A bus carrying employees of the Khurshid TV news station was bombed in Kabul on May 30, killing reporter Mir Wahed Shah and technician Shafiq Amiri. ISIL claimed responsibility, calling the station "loyal to the Afghan apostate government." It was the second deadly attack on Khurshid TV in under a year. The United States, the European Union, and NATO condemned the bombing. By the end of May, the toll had become almost impossible to track: attacks in Balkh, Helmand, Laghman, Nangarhar, Paktia, Ghor, Logar, Ghazni, Zabul, Kunduz, Parwan, Khost, Takhar, Farah, and Kabul itself. The peace agreement signed in February was supposed to chart a path out of two decades of war.
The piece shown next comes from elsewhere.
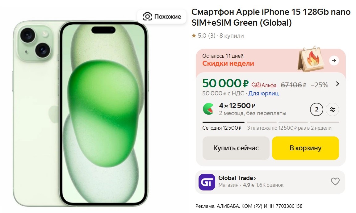Такие цены при оплате Яндекс Пэй или Альфа-Картой, но могут отличаться, проверяй у себя.

Instead, it had opened a space in which violence intensified, accountability dissolved, and the people of Afghanistan -- the ones not seated at any negotiating table -- paid the price in blood.
The attacks of May 2020 were spread across Afghanistan, but the focal point -- Ataturk Children's Hospital -- is located at approximately 34.50N, 69.09E in western Kabul. Nearest airport is Kabul International Airport (OAKB). Elevation roughly 1,800 meters (5,900 feet). From the air, Kabul fills a broad valley ringed by arid mountains. The hospital sits in the Dasht-e-Barchi neighborhood, a predominantly Hazara area in the city's west.